_Required work_
When you find the line with "Troubské královničky v roce 1987" among the records below, reproduce it and each line after it exactly, ending with the line with "Slika 3. Simbolička igra".

_Input data_
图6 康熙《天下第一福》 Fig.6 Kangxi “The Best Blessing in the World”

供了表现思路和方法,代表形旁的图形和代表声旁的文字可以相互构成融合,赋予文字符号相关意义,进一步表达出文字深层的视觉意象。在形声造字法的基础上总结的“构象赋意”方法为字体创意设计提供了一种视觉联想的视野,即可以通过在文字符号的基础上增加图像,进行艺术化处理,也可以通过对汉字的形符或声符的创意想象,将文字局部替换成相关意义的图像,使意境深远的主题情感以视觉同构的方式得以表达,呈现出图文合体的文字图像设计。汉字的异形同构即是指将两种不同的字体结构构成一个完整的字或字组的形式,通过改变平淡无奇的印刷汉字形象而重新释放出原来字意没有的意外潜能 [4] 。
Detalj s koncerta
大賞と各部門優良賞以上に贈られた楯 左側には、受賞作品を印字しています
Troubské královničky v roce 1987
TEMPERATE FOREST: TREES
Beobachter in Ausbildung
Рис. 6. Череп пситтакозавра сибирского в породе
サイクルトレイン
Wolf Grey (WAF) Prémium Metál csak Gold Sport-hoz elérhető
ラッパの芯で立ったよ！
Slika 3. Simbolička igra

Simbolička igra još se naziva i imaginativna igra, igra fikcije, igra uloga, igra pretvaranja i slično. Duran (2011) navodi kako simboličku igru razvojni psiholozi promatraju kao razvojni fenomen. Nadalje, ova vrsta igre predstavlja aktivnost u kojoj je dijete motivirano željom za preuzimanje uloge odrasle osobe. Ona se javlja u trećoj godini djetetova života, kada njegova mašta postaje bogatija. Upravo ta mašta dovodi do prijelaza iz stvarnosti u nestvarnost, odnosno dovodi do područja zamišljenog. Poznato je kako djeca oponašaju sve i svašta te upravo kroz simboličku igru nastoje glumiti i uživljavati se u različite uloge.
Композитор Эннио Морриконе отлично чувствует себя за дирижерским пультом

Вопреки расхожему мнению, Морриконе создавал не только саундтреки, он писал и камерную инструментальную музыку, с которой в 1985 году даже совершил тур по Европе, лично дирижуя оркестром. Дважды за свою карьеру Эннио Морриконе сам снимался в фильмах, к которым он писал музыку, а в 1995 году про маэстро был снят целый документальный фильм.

_Response to the exercise_
Troubské královničky v roce 1987
TEMPERATE FOREST: TREES
Beobachter in Ausbildung
Рис. 6. Череп пситтакозавра сибирского в породе
サイクルトレイン
Wolf Grey (WAF) Prémium Metál csak Gold Sport-hoz elérhető
ラッパの芯で立ったよ！
Slika 3. Simbolička igra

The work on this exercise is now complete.